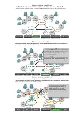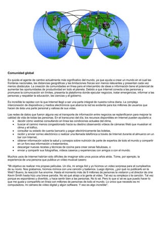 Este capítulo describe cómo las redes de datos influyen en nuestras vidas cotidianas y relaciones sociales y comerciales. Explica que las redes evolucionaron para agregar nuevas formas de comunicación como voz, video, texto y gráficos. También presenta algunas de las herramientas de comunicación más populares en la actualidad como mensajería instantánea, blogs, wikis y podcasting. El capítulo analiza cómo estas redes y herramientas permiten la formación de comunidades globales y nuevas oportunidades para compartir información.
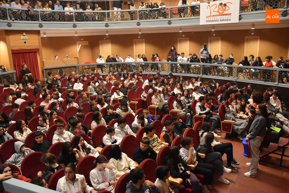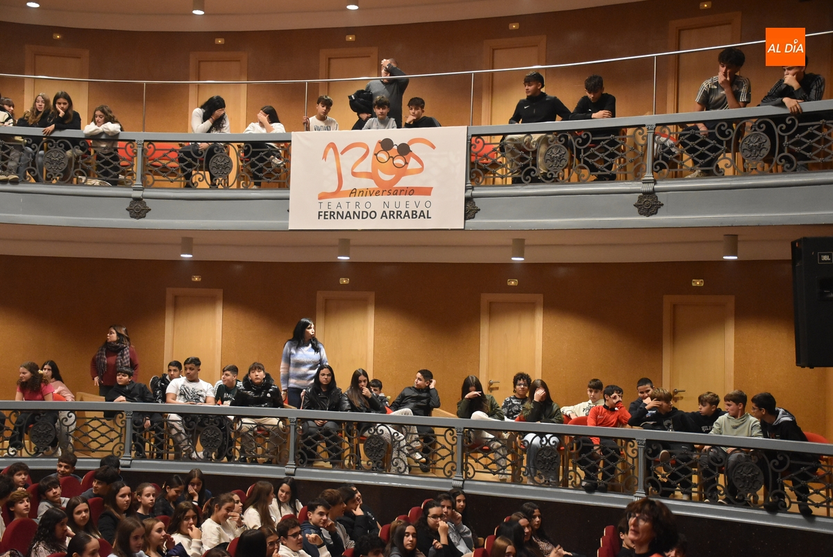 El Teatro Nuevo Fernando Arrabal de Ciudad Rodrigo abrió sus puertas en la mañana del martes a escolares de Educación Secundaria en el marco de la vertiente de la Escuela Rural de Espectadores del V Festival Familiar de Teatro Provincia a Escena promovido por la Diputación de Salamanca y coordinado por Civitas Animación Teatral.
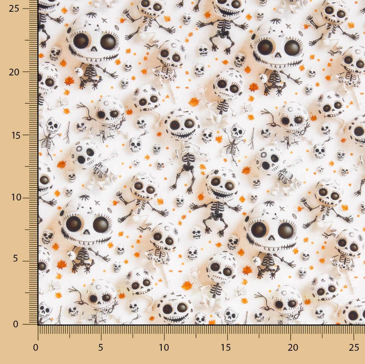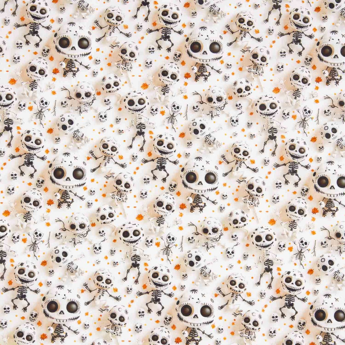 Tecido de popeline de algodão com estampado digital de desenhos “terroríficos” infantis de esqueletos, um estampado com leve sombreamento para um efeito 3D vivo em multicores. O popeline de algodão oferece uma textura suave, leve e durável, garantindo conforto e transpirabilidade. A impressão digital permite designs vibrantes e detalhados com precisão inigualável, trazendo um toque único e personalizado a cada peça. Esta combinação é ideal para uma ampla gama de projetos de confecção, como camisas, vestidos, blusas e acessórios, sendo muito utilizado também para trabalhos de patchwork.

* * *

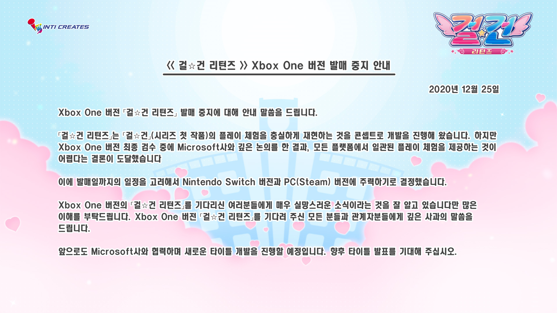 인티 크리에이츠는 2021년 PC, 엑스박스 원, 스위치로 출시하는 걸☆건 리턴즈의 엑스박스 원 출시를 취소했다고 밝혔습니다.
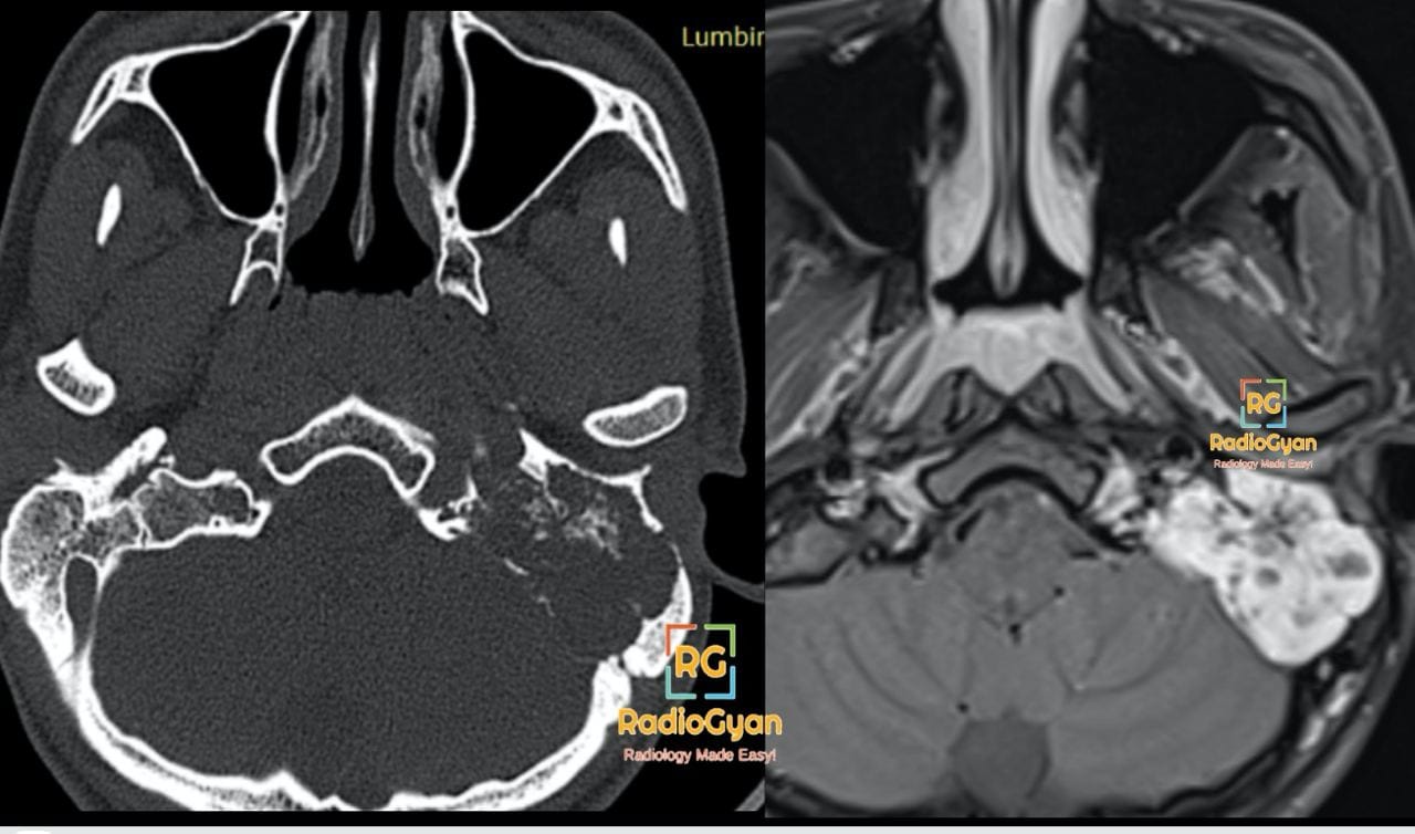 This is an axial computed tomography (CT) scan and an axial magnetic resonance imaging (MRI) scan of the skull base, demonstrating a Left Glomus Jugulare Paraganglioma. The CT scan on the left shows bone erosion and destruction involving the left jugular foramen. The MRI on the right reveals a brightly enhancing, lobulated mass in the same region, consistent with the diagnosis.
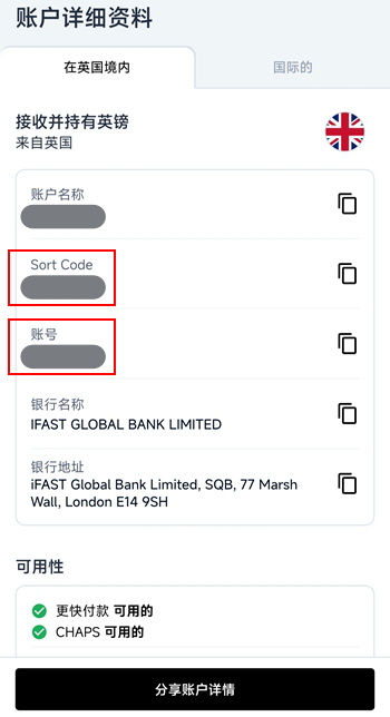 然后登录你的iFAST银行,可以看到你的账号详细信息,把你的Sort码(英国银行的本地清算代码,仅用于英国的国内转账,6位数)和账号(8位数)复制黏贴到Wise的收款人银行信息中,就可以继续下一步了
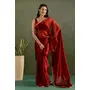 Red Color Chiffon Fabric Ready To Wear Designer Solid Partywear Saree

Task to complete:
Reproduce exactly, with no pictures, the lines above from the one holding "然后登录你的iFAST银行,可以看到你的" to the one holding "Red Color Chiffon", inclusive.

Exercise response:
 然后登录你的iFAST银行,可以看到你的账号详细信息,把你的Sort码(英国银行的本地清算代码,仅用于英国的国内转账,6位数)和账号(8位数)复制黏贴到Wise的收款人银行信息中,就可以继续下一步了
 Red Color Chiffon Fabric Ready To Wear Designer Solid Partywear Saree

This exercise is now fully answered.